* RECORDS SHOWN
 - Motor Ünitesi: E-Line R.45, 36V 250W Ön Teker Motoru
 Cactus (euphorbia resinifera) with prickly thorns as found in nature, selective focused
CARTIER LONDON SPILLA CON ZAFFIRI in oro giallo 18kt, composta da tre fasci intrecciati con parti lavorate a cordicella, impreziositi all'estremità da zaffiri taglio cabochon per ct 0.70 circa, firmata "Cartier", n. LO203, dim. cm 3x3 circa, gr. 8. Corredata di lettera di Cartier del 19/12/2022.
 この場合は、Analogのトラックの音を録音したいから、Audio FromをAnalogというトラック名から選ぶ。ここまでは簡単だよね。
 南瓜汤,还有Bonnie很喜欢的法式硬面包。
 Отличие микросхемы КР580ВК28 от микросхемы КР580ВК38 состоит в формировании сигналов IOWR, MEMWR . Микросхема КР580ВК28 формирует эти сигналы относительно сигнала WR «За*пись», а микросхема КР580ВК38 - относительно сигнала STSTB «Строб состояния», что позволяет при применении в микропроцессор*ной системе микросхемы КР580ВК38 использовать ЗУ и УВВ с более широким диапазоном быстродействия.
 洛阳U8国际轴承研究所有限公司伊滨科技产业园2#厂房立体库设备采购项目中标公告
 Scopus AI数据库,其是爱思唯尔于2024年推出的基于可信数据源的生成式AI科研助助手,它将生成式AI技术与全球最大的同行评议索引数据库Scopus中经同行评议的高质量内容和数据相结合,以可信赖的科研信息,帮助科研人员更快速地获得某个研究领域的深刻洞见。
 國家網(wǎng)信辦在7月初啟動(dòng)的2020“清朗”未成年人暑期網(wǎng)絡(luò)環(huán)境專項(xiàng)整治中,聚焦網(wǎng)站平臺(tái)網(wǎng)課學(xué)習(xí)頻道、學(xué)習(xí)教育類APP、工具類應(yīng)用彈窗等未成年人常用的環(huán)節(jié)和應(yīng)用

* WHAT THIS TASK INVOLVES
Restate every entry above exactly as it stands.

* ANSWER TO THIS TASK
 - Motor Ünitesi: E-Line R.45, 36V 250W Ön Teker Motoru
 Cactus (euphorbia resinifera) with prickly thorns as found in nature, selective focused
CARTIER LONDON SPILLA CON ZAFFIRI in oro giallo 18kt, composta da tre fasci intrecciati con parti lavorate a cordicella, impreziositi all'estremità da zaffiri taglio cabochon per ct 0.70 circa, firmata "Cartier", n. LO203, dim. cm 3x3 circa, gr. 8. Corredata di lettera di Cartier del 19/12/2022.
 この場合は、Analogのトラックの音を録音したいから、Audio FromをAnalogというトラック名から選ぶ。ここまでは簡単だよね。
 南瓜汤,还有Bonnie很喜欢的法式硬面包。
 Отличие микросхемы КР580ВК28 от микросхемы КР580ВК38 состоит в формировании сигналов IOWR, MEMWR . Микросхема КР580ВК28 формирует эти сигналы относительно сигнала WR «За*пись», а микросхема КР580ВК38 - относительно сигнала STSTB «Строб состояния», что позволяет при применении в микропроцессор*ной системе микросхемы КР580ВК38 использовать ЗУ и УВВ с более широким диапазоном быстродействия.
 洛阳U8国际轴承研究所有限公司伊滨科技产业园2#厂房立体库设备采购项目中标公告
 Scopus AI数据库,其是爱思唯尔于2024年推出的基于可信数据源的生成式AI科研助助手,它将生成式AI技术与全球最大的同行评议索引数据库Scopus中经同行评议的高质量内容和数据相结合,以可信赖的科研信息,帮助科研人员更快速地获得某个研究领域的深刻洞见。
 國家網(wǎng)信辦在7月初啟動(dòng)的2020“清朗”未成年人暑期網(wǎng)絡(luò)環(huán)境專項(xiàng)整治中,聚焦網(wǎng)站平臺(tái)網(wǎng)課學(xué)習(xí)頻道、學(xué)習(xí)教育類APP、工具類應(yīng)用彈窗等未成年人常用的環(huán)節(jié)和應(yīng)用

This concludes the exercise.